Being friends with your Ex

Re: Being friends with your Ex

Send him an e-mail telling him that you do not want to continue keeping in touch with him. Let him know that you do not want him to contact you in any form. And that if he attempts to contact you, then you will contact his wife AND his parents and let him know about it. After that, change your phone number, block him on your e-mail and IM's etc. Oh and be a grown woman and stick to your words. Meaning if he does contact you or show up at your workplace.....do NOT hesitate to contact his parents and/or wife and let them know that you're being harassed by him.

Stop living in the past. Whatever happened is done with. The FACT is that he's married and sharing a bed with his wife every night. There is nothing wrong with being friends with a ex AS LONG as both parties agree that the friendship is platonic and they have moved on from their past. Clearly in this case, he wants to be more than friends and so do you.

Exactly. Personally I'm a big believer in karma. How would you feel if you found out that your husband had a mistress on the side? Someone he was having an emotional affair with and was sexually attracted to? B/C guess what..........in this situation, YOU are that other woman. So have some respect for yourself and stop being in touch with a MARRIED man who has made it clear that he wants more than a platonic friendship with you.

Re: Being friends with your Ex

IF he is soooo , "Ziddi", how come he dint marry you? You need to WAKE UP girl ! The guy is a wuss, you got saved from a wuss. So THANK GOD and please move on ! The earlier you realize that, the better for you. Don't mess your future. Men who love, they marry. Secondly, whats up with guy's side of the family having issue with girl being attached to her family? Don't they want their son attached to them? Wasn't that mother in law once a daughter too ? It is sad , on the amount of psychological drama desi parents play on their kids.

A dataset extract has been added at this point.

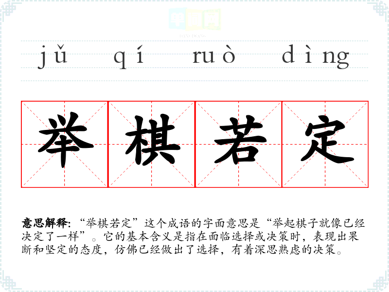 “举棋若定”这个成语的字面意思是“举起棋子就像已经决定了一样”。它的基本含义是指在面临选择或决策时,表现出果断和坚定的态度,仿佛已经做出了选择,有着深思熟虑的决策。

Re: Being friends with your Ex

Recipe for disaster.

Re: Being friends with your Ex

How are you not participating in cheating in this situation? How are you not already being unfair to this wife of his. This isn't one of those situations where he hides his marriage. You KNOW he is married.

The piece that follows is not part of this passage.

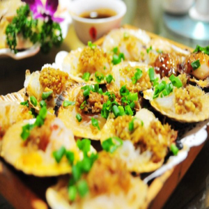 扇贝它有食疗功效, 一般人群均可食用(患有痛风的人禁食) 适宜高胆固醇、高血脂体质的人以及患有甲状腺肿大、支气管炎、胃病等疾病的人;另外 许多贝类是发物,有宿疾者应慎食;贝类性多寒凉,故脾胃虚寒者不宜多吃。有时候,简单的制作也同样是那么美味,没有过多的调味料,反而保持了更多的原味,保持扇贝的营养,扇贝因预热后收缩,所释放出来的汤汁更能让你感受到海鲜的“鲜”味,上面加入大蒜末,抑制住扇贝本身过分的腥味,做到了鲜而不腥。吃的时候先吸上面的汤汁,甘甜的汤汁,瞬间在你的舌尖弥漫,吸入汤汁后,你能清晰地感觉到那股甘甜在嘴里回荡着。如此美味如此营养价值高的海鲜料理,大家快去尝试制作吧。

I like Reha's idea. Cut him off without a notice and let him get all anxious.

Re: Being friends with your Ex

Mistress? Wow. Please don't make it sound dirty. It's not like that.
For those of you suggesting I change my number, it is not an option for me. I have done it once before for the same reason. And my parents were very upset with me because it was a huge hassle. Then he got in a pretty bad accident and I guess it was my mistake for not being stronger.
As for telling his wife or mom, I don't have their contact info. And if my parents call his parents, his mom sees the number and doesn't pick up. In the past, my parents tried calling to complain about him and his mom flat out denied that her son could be keeping in touch with me. She said it must be your daughter after my son. My mom said we can send you the phone bill from last month and you can see for yourself how many times he has given missed calls...but she hangs up then. Extremely rude woman! I wouldn't ever turn to her for any sort of help. I expect the worst from her.

Re: Being friends with your Ex

You don't need to engage in any of that drama. When you see his call, do not pick up. You can also block numbers if you call the police I think. Plus you can also report a phone number to the police as a source of harassing phone calls. And if he takes it in person and starts stalking you, you can also register a police file on him.

Well that's all pretty harsh. Just start by not picking up his phone calls.

Re: Being friends with your Ex

You can choose to believe whatever you want. But what you and this married man have feelings for one another. This is not a platonic relationship. Even after he married another innocent woman, both you and him chose to continue an emotional affair. So yes, you may not like hearing it but you're really not much different than a mistress. Whether it a physical affair or an emotional one....both have the ability to break up another woman's marriage.

Re: Being friends with your Ex

no no she's just a friend. who he wants to marry. and talks to daily.

Re: Being friends with your Ex

Like most of the folks here said, get out NOW before its too late and you end up destroying two homes, You really don't have to ask how, its common sense, I guess the guilty feeling that you have of leaving him while you still in love with him making you to ask this question. STOP DEAD..Find someone for your self and even if you have to threaten him of exposing him to the same family who refused you!!

Re: Being friends with your Ex

He doesn't love you. He USED to love you at one point in his life but that is now over Please stop making excuses for not wanting to do the right thing here.

So what? Who's problem is it that he got into an accident? I don't understand what staying in his life will accomplish for you. Change your number, get your moral compass to start pointing north and if he shows up at your work or anywhere else...call the cops and keep doing it. That'll teach him and his mommy a nice lesson because its officially on paper that he's the one harassing. Its called tough love for a reason...use it.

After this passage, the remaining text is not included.